Wednesday, January 24, 2007

Levi-Tate

Have grown this wonderful way of ‘detached existence’ – living in a limbo, floating in a limitless bottomless tub of ether.

Infact it is therapeutic. You can just pull up the callous cover and pretend to be in a trance. Need not even bat your lids when something of real consequence occurs. Or you can pretend to be a fish with no lids at all …just glare glare glare hard but at nothing particular with a brooding look on your face.

How does it matter if some more skulls are dug up of some Nihari village kids, heat or cold wave, flood or drought, tsunami or Vidharba destitution kills some hapless soul in some far away village…town…city. It’s not my business; it does not affect my SEC A+ segment.

Even bombs on local train don’t blast my stupor. Blame it on their Karma! I have been oiling my karma chakra (wheel of fortune).

I am a true Gandhian. I seen no evil, hear no evil and definitely speak no evil.

I am a Magician. I don’t just fool my audience with myself too.

I am a person with strong conviction – I truly believe in my every day lies and make a honest living.

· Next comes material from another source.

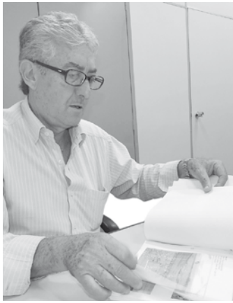
Venda de imóveis públicos pode render mais de R$ 20 milhões à Prefeitura
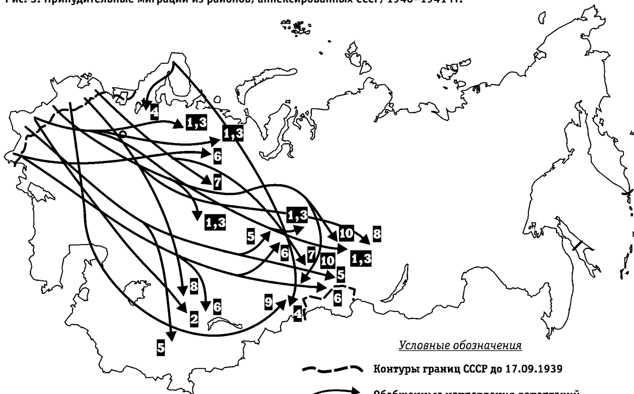
Рис. 3. Принудительные миграции из районов, аннексированных СССР, 1940–1941 гг.

I have no roots, nor arms to reach up to the sky. I am not existent but not insignificant. I am there as a small cog in the big wheel. I figure somewhere in scheme of things.

I have been bleeding for a while, but I left my wounds open too long. Now I am scared to touch it, fear to disturb the ecology. Let it be…Karma will take its toll.

Sometimes in the stillness of the night I can hear a gnawing sound. Something burrowing into my heart, spreading into my brain… the hole keeps growing till it fills me up, or till I cave in.

Why am I bothered, I have a well-maintained Karmic balance sheet. The records guarantees my re birth to the next higher-level non-existence.